У меня аллергия на мед - страница 3
После чего, испробовав, может быть, все средства, но не потеряв изобретательности, вы приходите, надо полагать, к одному из следующих заключений: что онтологический статус произведений искусства есть, как и в случае с играми, не более чем семейное сходство; что всякая попытка определить искусство непременно приводит либо к солипсизму, либо к тавтологии; что понятие искусства неопределимо; что открытость и неопределенность понятия годятся для того, чтобы все же определить это понятие; или, наконец, с опорой на теорию перформативных речевых актов или на институциональную теорию, – что кругообразность эмпирического определения «искусство есть все то, что называется искусством» вовсе не является софизмом, но выступает онтологической особенностью произведений искусства. И тем самым вы, возможно сами того не ведая, подливаете своей научной воды на идеологическую мельницу, которая с давних пор приводит в движение дискурс историков искусства, а вместе с ним и общественное мнение: искусство есть самостоятельное дело, оно обосновывает себя само, именует себя само и находит свое оправдание в самом себе[13].

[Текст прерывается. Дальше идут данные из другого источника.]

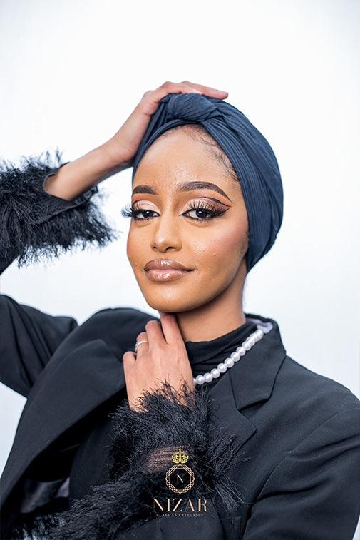 Introducing our Ribbed Turban, a versatile addition to Nizar's Line's Turban Collection in Kenya. These turbans are meticulously crafted from a high-quality blend of 95% viscose and 5% spandex, offering both the stretch of premium jersey and the luxuriousness of satin. The result is a soft, breathable, and refined accessory that adds elegance to any outfit. Suitable for various hair sizes, these turbans are designed to make you stand out effortlessly. They are perfect for experimenting with different styles and expressions, whether you're new to head wrapping, prefer modest hair covering, or simply seek quick and fashionable styling. The Navy blue color adds a vibrant touch, making them suitable for everyday wear, parties, and special occasions, providing comfort, style, and individuality to your fashion statement.
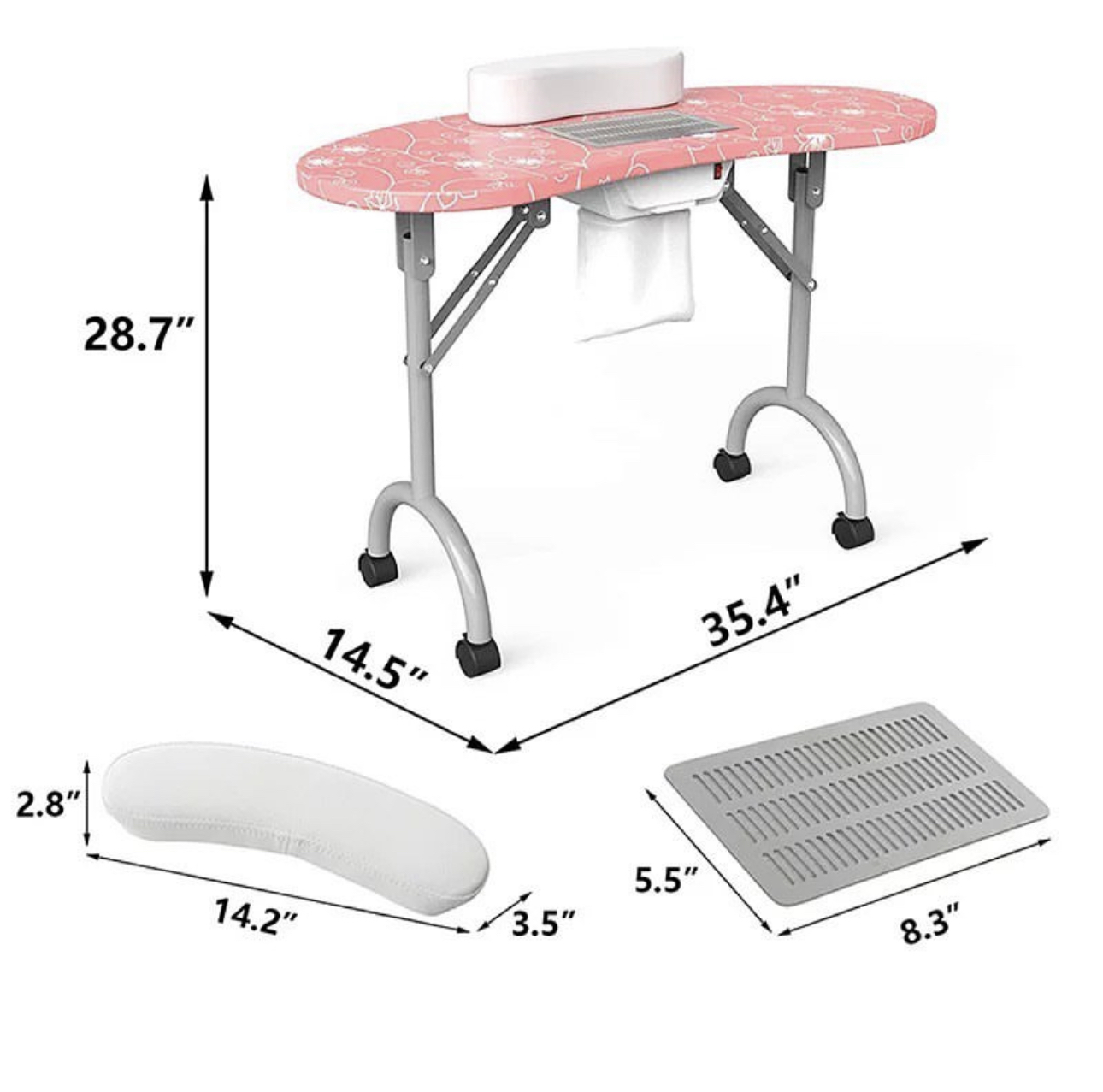 LARGE PORTABLE FOLDABLE MANICURE TABLE WITH FAN DUST COLLECTOR AND CARRY BAG NAIL ART Homecosy portable Manicure table with fan 4500 pm, foldable, and portable with useful carry bag. Made with the best materials. It will be possible to close every time you want to recovering useful space. At the center of the table is placed a comfortable pillow. The wheels are swivel 360° with locking system. The vacuum cleaner inserted in the center of the table is provided with a safety grid, are included in the price also three useful bags to collect dust. In the end, making it even more elegant, this splendid table we lacquered gray pearl legs. CONTENT PACK: Manicure Table with fan and european plug - pillow - Removable Aluminum grill collect dust - Carry Bag TECHNICAL FEATURES: Dimensions: 90 × 40 × 72 cm. Closed dimensions: 98 × 46 × 23cm. Suction power 4500 pm Electric consumption: only 17 w Nois level 55dB Weight: 12 Kg.

1.4. Обогатившись сведениями, приобретенными в ходе этого странствия через этнологию, историю искусства или стилей и логическую онтологию, вы наконец окунаетесь в свой корпус, чтобы извлечь из него модель, воплощенное подтверждение вашей теории, ее парадигму. И вынимаете оттуда пис суар – ну да, писсуар. Этот писсуар переименован в «Фонтан», подписан Р. Маттом, хотя известно, что его реальным автором является признанный художник по имени Марсель Дюшан, и благоговейно хранится в музее под именем произведения искусства, как предмет достояния. Причем его смысл, как кажется, сводится к символизации самой этой символической ценности, которую слово «искусство» придает предметам обмена, будь то языковой, экономический, ритуальный или тратовый обмен. Писсуар Дюшана выявляет магическую власть слова «искусство» куда лучше любого другого предмета достояния; он куда лучше всякого другого произведения свидетельствует о почти нахальной свободе по отношению к истории стилей, которая позволяет ему итожить и увенчивать эту историю, ничем, судя по всему, не будучи ей обязанным; а главное, он куда точнее других иллюстрирует неопределимость, открытость и незавершенность понятия искусства – или его солипсическую самозащиту вкупе с причастностью к универсальной тавтологии. К тому же он является эмблемой теории искусства как перформативного учреждения. В самом деле, он принимает – или развенчивает – все теории искусства, поскольку для всех них является контрпримером и пересекает все «возможные миры» как некая абсолютно автономная монада. Этот писсуар не имеет ничего общего ни с одной из бесчисленных вещей, носящих звание искусства, если не считать того, что, как и они, он тоже зовется искусством. И ничто не отличает его от всякого писсуара, неискусства, за исключением, опять-таки, звания искусства. Короче говоря, он позволяет выдвинуть неопровержимое доказательство автономии искусства в блистательной форме номиналистской онтологии.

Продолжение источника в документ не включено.